Latest revision as of 18:12, 3 December 2020


GPU621/DPS921 | Participants | Groups and Projects | Resources | Glossary

OpenMP Device Offloading

OpenMP 4.0/4.5 introduced support for heterogeneous systems such as accelerators and GPUs. The purpose of this overview is to demonstrate OpenMP's device constructs used for offloading data and code from a host device (Multicore CPU) to a target's device environment (GPU/Accelerator). We will demonstrate how to manage the device's data environment, parallelism and work-sharing. Review how data is mapped from the host data environment to the device data environment, and attempt to use different compilers that support OpenMP offloading such as LLVM/Clang or GCC.

Group Members

1. Elena Sakhnovitch

2. Nathan Olah

3. Yunseon Lee

Progress

Difference of CPU and GPU for parallel applications (Yunseon)

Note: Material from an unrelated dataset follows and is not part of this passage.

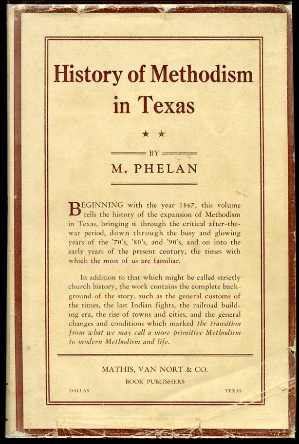 Dallas: Mathis, Van Nort & Co, 1937. The 1937 1st edition of this uncommon study of early religious history in Texas. Clean and Near Fine in a bright, VG dustjacket, with light, inconspicuous staining to the inside of the jacket which has bled just a bit thru to the spine. A bit of light creasing as well and very light chipping at the panel edges. Still though, attractive and very presentable. Thick octavo, 525 pgs.
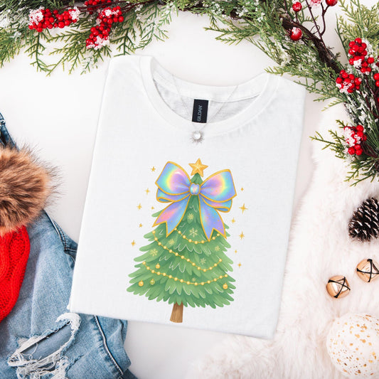 Coquette Bow Christmas Shirt, Iridescent Christmas Tree T-Shirt, Xmas Gift for Her, Matching Family Holiday Tees, Trendy Christmas Shirts

GPU(Graphics processing unit)

GPU is designed with thousands of processor cores running simultaneously and it enables massive parallelism where each of the cores is focused on making efficient calculations which are repetitive and highly-parallel computing tasks.  GPU was originally designed to create quick image rendering which is a specialized type of microprocessor. However, modern graphic processors are powerful enough to be used to accelerate calculations with a massive amount of data and others apart from image rendering.  GPUs can perform parallel operations on multiple sets of data, and able to complete more work at the same time compare to CPU by using Parallelism. Even with these abilities, GPU can never fully replace the CPU because cores are limited in processing power with the limited instruction set.  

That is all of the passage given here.